A Oficina teve outro desdobramento, ou seja, o grupo de educadores e gestores,
confeccionaram as bonecas, porém deixaram a cabeça separada
do corpo. Realizaram encontros com os pais e responsáveis pelas
crianças e posteriormente entregaram este “corpo” e
a “cabeça” dentro de um saco separado. Cada família
teria a responsabilidade de dar vida para a boneca, através do
processo de costurar a cabeça no corpo, pintar o rosto, vestir
estas bonecas e bonecos, criar um nome e sobrenome, nome dos pais, etc. Entendemos que estes processos desenvolvidos pelas educadoras são de fundamental importância, pois permite recuperar as composições familiares desde os antepassados. São atividades que produzem conhecimento através de histórias particulares com ações afirmativas positivas, propiciando um maior empoderamento das crianças negras e não-negras na construção da identidade, levando-os a compartilhar responsabilidade, aliado ao ato de brincar.

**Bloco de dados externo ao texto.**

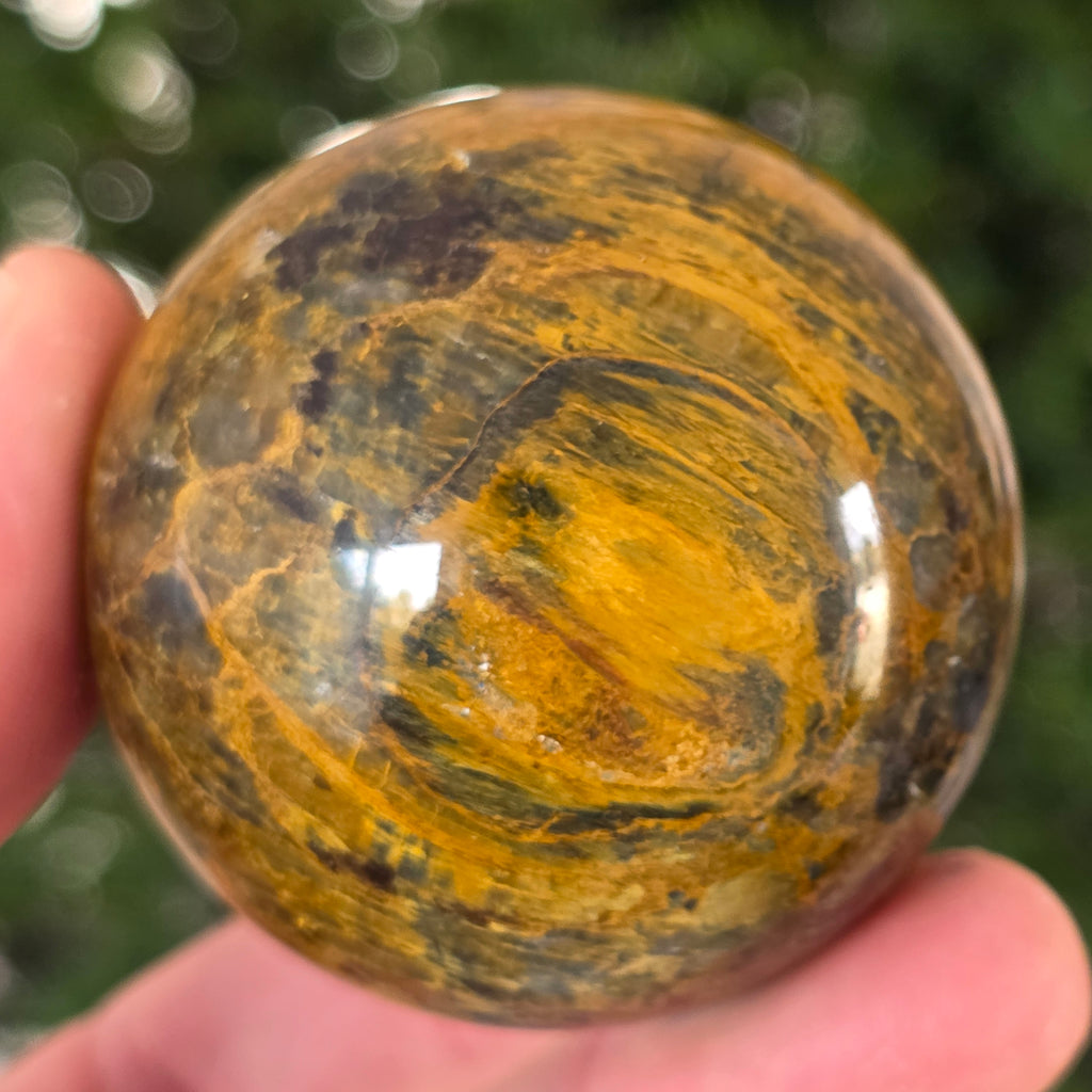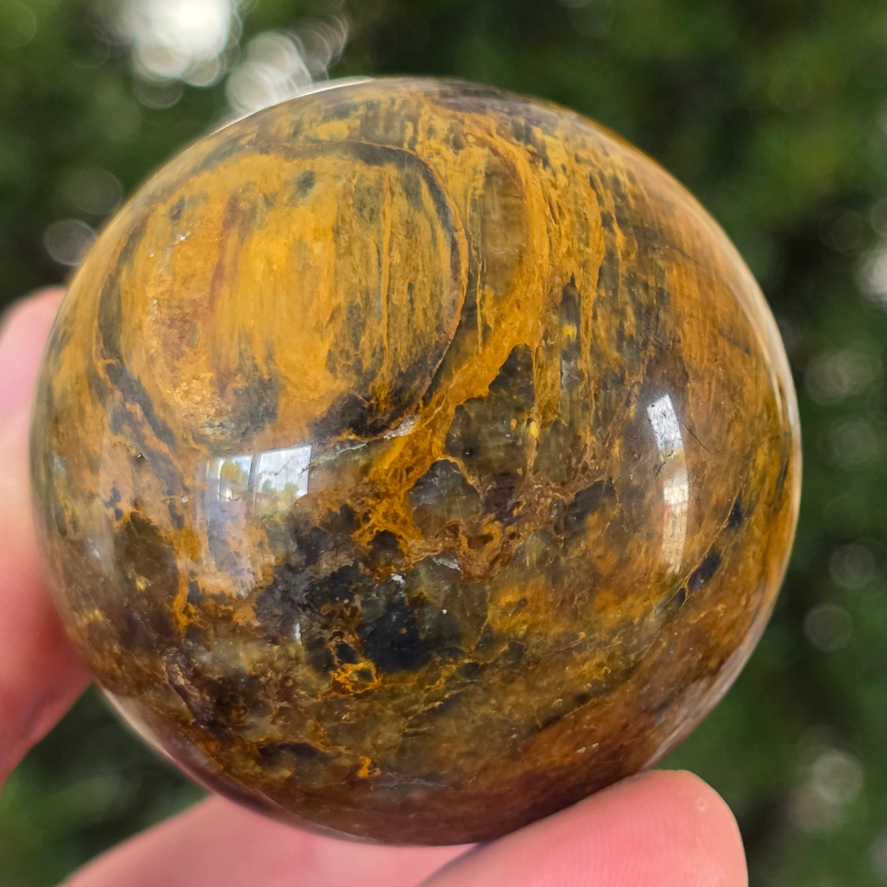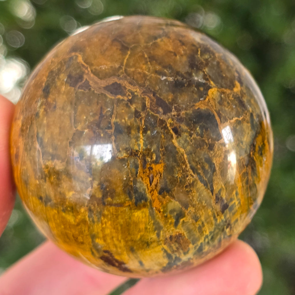 Αυτό Σφαίρα Pietersit Φαίνεται να περιέχει μια κοσμική καταιγίδα παγιδευμένη σε πέτρα. Οι μπλε και χρυσές αντανακλάσεις του κινούνται σαν σύννεφα και αστραπές παγωμένες στο χρόνο, δημιουργώντας μια ψευδαίσθηση αέναης κίνησης.
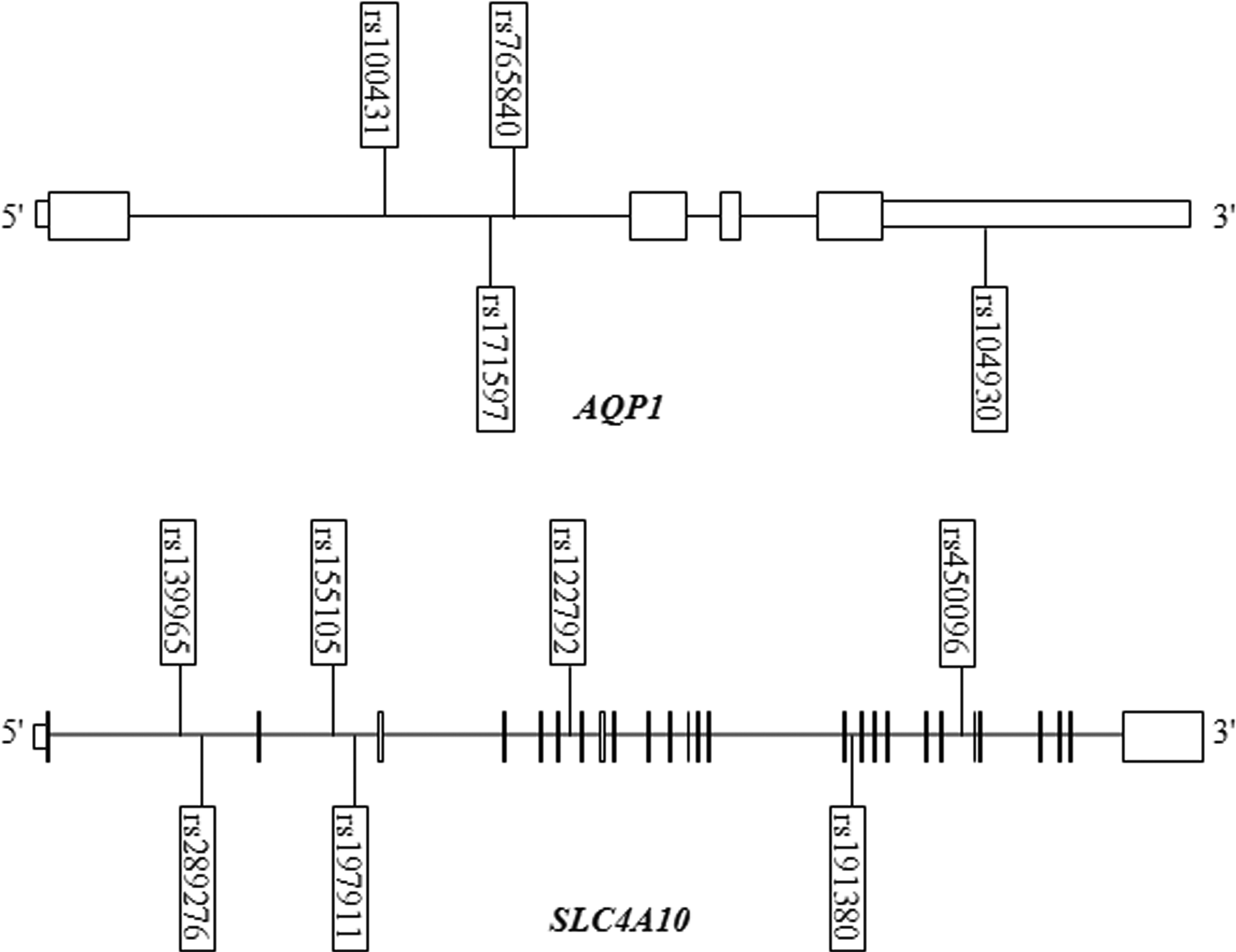 polymorphisms (SNPs) identified using HaploView software in the AQP1

Acreditamos que as ações afirmativas positivas se definem como políticas públicas e também privadas voltadas à concretização do princípio constitucional da igualdade material e a neutralização dos efeitos da discriminação, seja racial, de gênero, de idade, etc. Para nós o processo de continuidade e visibilidade das ações educacionais, de promoção da igualdade étnico-racial e de implementação da LDB9394/96 e 10639/03 depende de um maior número de pessoas de vários segmentos, secretariais, da apropriação de fato e de direito da temática pelos gestores educacionais. Diante desta realidade, entendemos ser essencial a formação do educador para a implementação de uma política pública de promoção da igualdade racial.